DeepSeek VL

Three key dimensions of the approaches:

data construction: diverse, scalable, extensively covers real-world scenarios, knowledge-based contents
model architecture:
- a hybrid vision encoder that efficiently processes high-resolution images within a fixed token budget
training strategy

Data

vision-language pretraining data: warm up the vision-language adaptor in training stage 1, jointly pretrain the vlm in stage 2
vision-language SFT data: in training stage 3

Approach

Architecture

The system contains: a hybrid vision encoder, a vision adaptor, and a language model.

Hybrid Vision Encoder

A single SigLIP encoder struggles to address all real-world questions comprehensively. Because

clip family are designed for semantic visual representations but challenged by ambiguous encoding
clip models are limited by its relatively low-resolution inputs

The hybrid vision encoder combines the SAM-B and SigLIP-L encoders 结合了高分辨率的 SAM-B 编码器与低分辨率的 SigLIP-L 编码器，以在固定的 token 预算内既保留细节信息，又提取丰富的语义特征。

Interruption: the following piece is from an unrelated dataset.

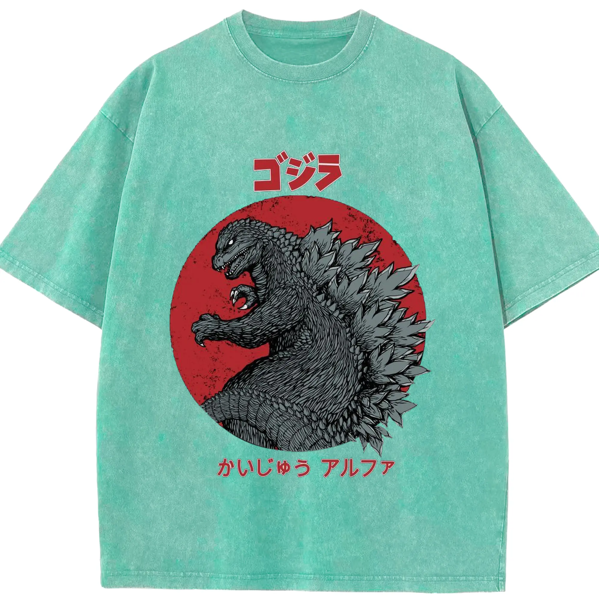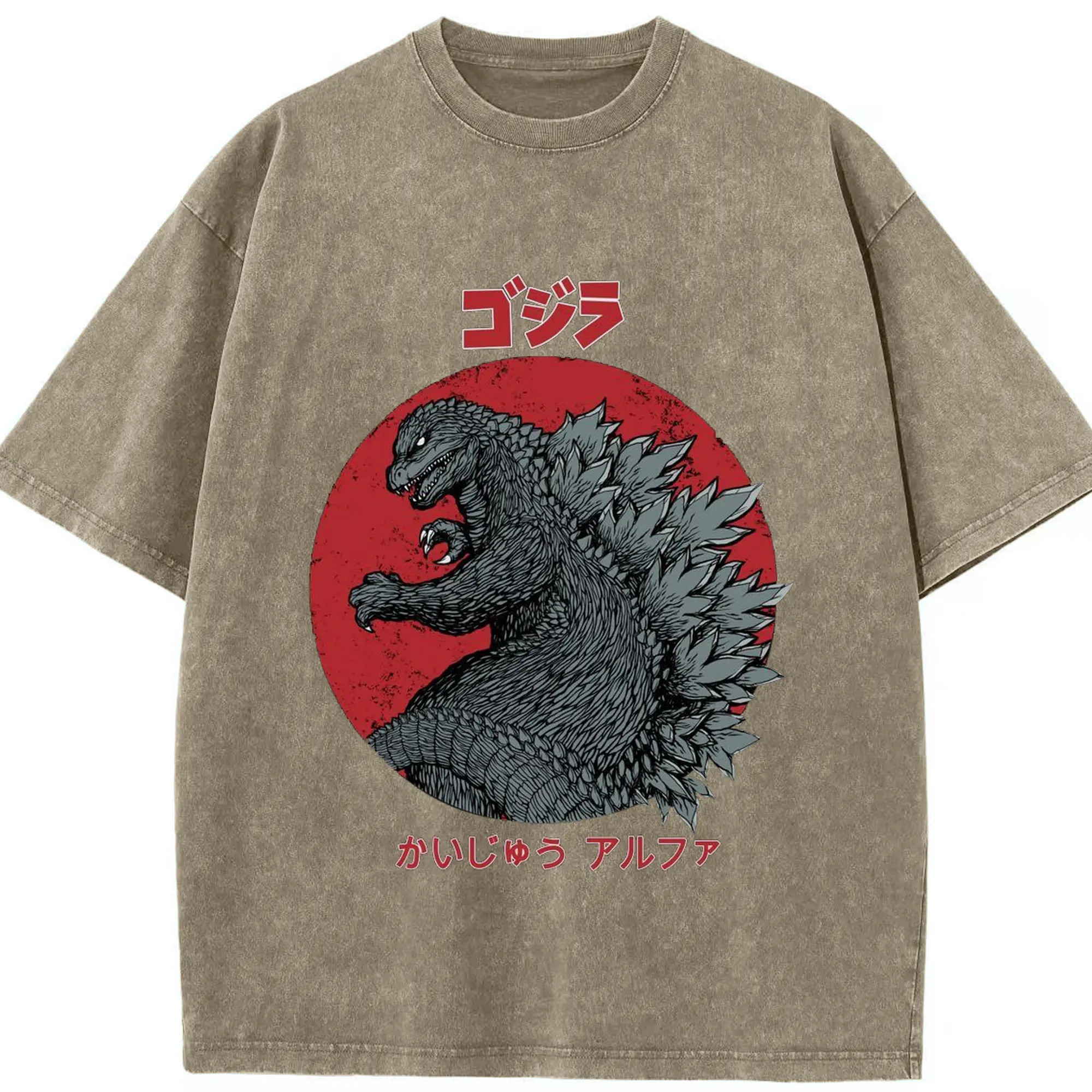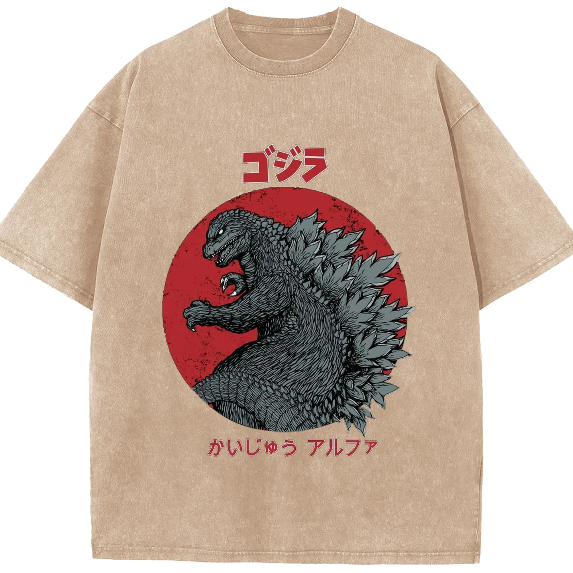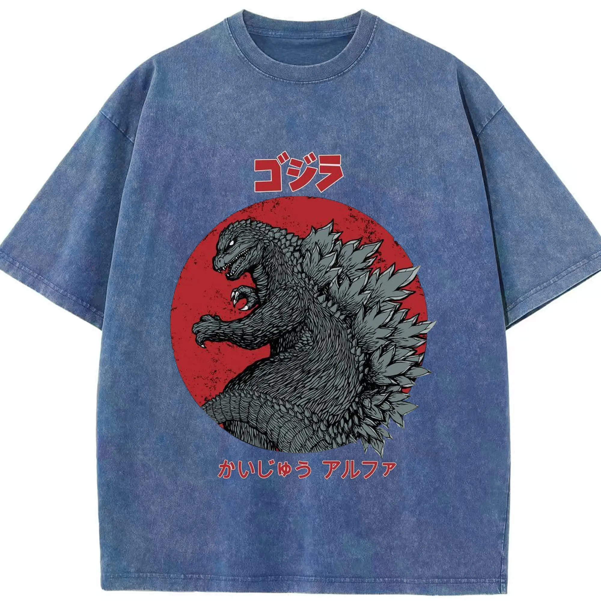 ゴジラ - 綿100% ヴィンテージ風 半袖Tシャツ ・ フロントプリント ・ 柔らか肌触り ・ 通気性 快適 ・ スポーツ カジュアル 外出用

SAM-B: a pre-trained ViTDet image encoder to process low-level features, which accepts high-resolution 1024x1024 image inputs 输入图像首先被 SAM-B 编码器（基于 ViTDet）缩放至 1024×1024，并生成一个 64×64×256 的特征图
SigLIP-L: for low-resolution 384x384 image inputs

高分辨率特征提取（SAM-B）
- A high-resolution SAM-B vision encoder first resizes the image into 1024x1024 and results in a 64x64x256 feature map. 输入图像首先被 SAM-B 缩放至 1024×1024，并生成一个 64×64×256 的特征图。
- SAM-B 专注于捕捉细粒度的低级视觉信息，如小物体轮廓、文本边缘等，弥补 CLIP 系列模型在高分辨率下的局限性（CLIP 常见输入分辨率仅 224–512）。
特征下采样与重排（VL Adaptor）
- The VL Adaptor initially interpolates it into a size of 96x96x256. It employs two CNN with a stride of 2, producing a feature map of 24x24x1024, and reshapes it to 576x1024. 将上一步获得的 64×64×256 特征图先双线性插值（interpolation）至 96×96×256，再通过两层步幅为 2 的卷积层（stride=2）降采样，得到 24×24×1024 的特征图，并将其重塑（reshape）为 576×1024 。
- 该过程在保证足够感受野的同时，有效控制序列长度，为后续与语言模型的融合提供合适的输入规模。
低分辨率语义提取（SigLIP-L）
- Alongside, the low-resolution feature map of size 576x1024 generated by SigLIP-L is concatenated with the high-resolution features, resulting in 576 visual tokens with 2048 dimensions. 并行地，SigLIP-L 接收 384×384 的低分辨率图像，提取高层次的语义特征，并同样生成一个 576×1024 的特征表示。
- The visual tokens possess a substantial capacity for enhancing high-level semantic visual recognition and low-level visual grounding tasks.
- SigLIP 系列专注于语义对齐，能够有效捕捉全局语义信息，但对细节的分辨力不足，故需与 SAM-B 互补。
特征拼接与激活
- Then undergo GeLU and are directed through an embedding layer to establish a connection with the LLM. 将两路特征在 token 维度上拼接，得到形状为 576×2048 的视觉 token 序列。
- 对拼接后的特征应用 GeLU 激活，并通过一层嵌入（embedding）层映射到语言模型的输入空间，完成视觉-语言对齐。

Vision-Language Adaptor

A two-layer hybrid MLP to bridge the vision encoder and the LLM.

MLP-1: process high- and low-resolution features separately
MLP-2: concatenated the features along their dimensions and then transformed into the LLM's input space
由两层混合 MLP 构成，首先对高分辨率与低分辨率特征分别进行单层线性映射，然后在特征维度拼接后，再通过第二层 MLP 转换到 LLM 的嵌入空间。

Language Model

DeepSeek LLM.

Training Pipeline

Three consecutive stages: Screenshot 2025-05-11 at 3.49.49 pm currently focus on visual understanding capabilities and only calculate the next token prediction loss on the language part

Stage 1: Training Vision-Language Adaptor

Build a conceptual link between visual and linguistic elements within the embedding space.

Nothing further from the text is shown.